Case study: The Brunswick Centre, Landmark Case in Upper Tribunal (Lands Chamber) 

Summary

The Upper Tribunal (Lands Chamber) held that the statutory obligation to comply with section 20 of the Landlord and Tenant Act 1985 (“the 1985 Act”) was an obligation imposed on the freeholder and not the head lessee. 

Background

Where a landlord carries out work to a building or any other premises and the contribution payable by any leaseholder towards those works exceeds the applicable limit (currently £250 per dwelling), the contributions will be capped at that limit, unless either: 

  • a) the landlord has complied with the statutory consultation requirements (which can be found in the Schedules to the Service Charges (Consultation Requirements) (England) Regulations 2003); or 
  • b) those consultation requirements have been dispensed with by the First-tier Tribunal (Property Chamber)

The question which arose in this case was whether, when the leaseholder of a dwelling is obliged to pay a service charge to his or her immediate landlord in respect of the cost of works carried out  by  a  superior  landlord,  the  requirements  imposed  by   the  2003  Regulations  to consult the leaseholder before the works are carried out must be satisfied by the superior landlord or by the immediate landlord.

The Brunswick Centre is a Grade II listed complex mixed with retail, residential and commercial premises. Allied London (Brunswick) Limited (“Allied”) acquired the freehold interest in the Brunswick Centre in or around 2000. It sold its interest in 2007 to Brunswick GP Limited and Brunswick Nominee Limited, who subsequently transferred the freehold to BIS (Postal Services Act 2011 Company) Limited in 2012. In 2014, the freehold was acquired by Lazari Investments Limited, the current freeholder. 

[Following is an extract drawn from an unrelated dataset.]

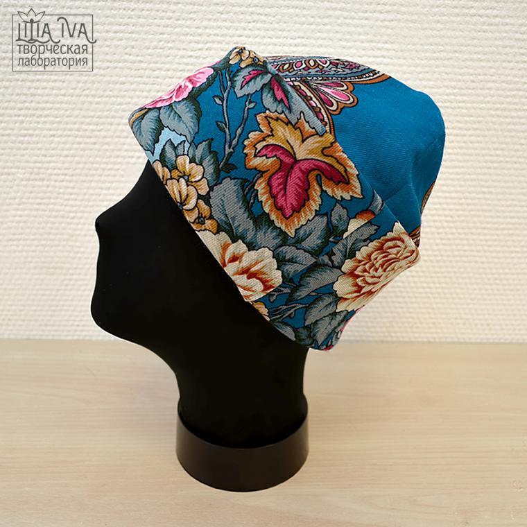 Перед тем как приступить к работе^ проклеиваем наш платок тонким трикотажным дублирином. Делается это для того, чтобы немного стабилизировать ткань платка и изделие прослужило долго. А на швах в процессе носки не образовывались «оскалы». Итак, раскладываем на столе предварительно продублированный платок, выбираем ту часть рисунка, которую мы бы хотели видеть на шапке. Кроить будем по лицевой стороне. Самоисчезающим мелом отмечаем на ткани полосу под углом 45 градусов по отношению к долевой нити:

The freehold is subject to a head lease of various parts of the Brunswick Centre (including the two blocks of flats, O’Donnell Court and Foundling Court) which is and was at all material times held by the London Borough of Camden (“Camden”).

87 of the 408 flats are let out on long underleases, granted pursuant to the right to buy provisions in the Housing Act 1985. Those underleases require the occupational leaseholders to contribute towards the costs incurred by Camden in and about the maintenance and management of the Brunswick Centre, as a service charge. In the case of the more recent underleases, those costs (towards which the leaseholders are required to contribute) expressly include the costs incurred by Camden’s landlord, the freeholder, and towards which Camden is required to contribute under the terms of its head lease.

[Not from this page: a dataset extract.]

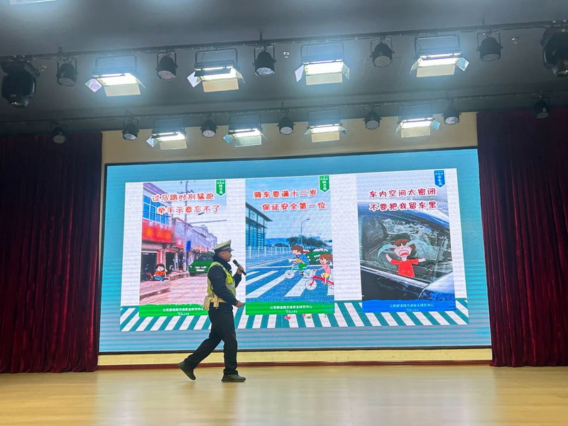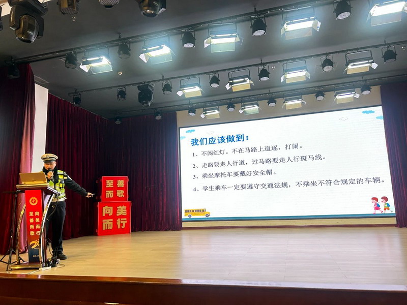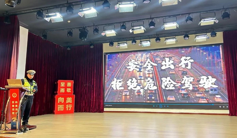 On December 16th, 2024, the police officers of the Traffic Police Brigade of Dujiangyan Irrigation Project Public Security Bureau brought a lively and profound lecture on traffic safety knowledge to freshmen.
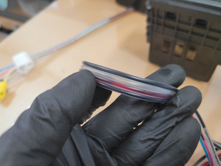 ● 프린터 헤드 클램프 부착 및 핫멜트 보강, 호스 재정리 장착

In 2005, Allied carried out major works, which (it is accepted) were of an unsatisfactory standard. Since the works were carried out, defects have lead to the all of the subsequent freeholders incurring further costs in remedying them. Remedial work is still ongoing.

In 2014, leaseholders of 49 of the flats in O’Donnell Court and Foundling Court made an application to the FTT to determine their liability to pay various service charges dating back to 2007, pursuant to s.27A of the Landlord & Tenant Act 1985. The application covers a number of items and categories of expenditure, including the major work undertaken by Allied in 2005. 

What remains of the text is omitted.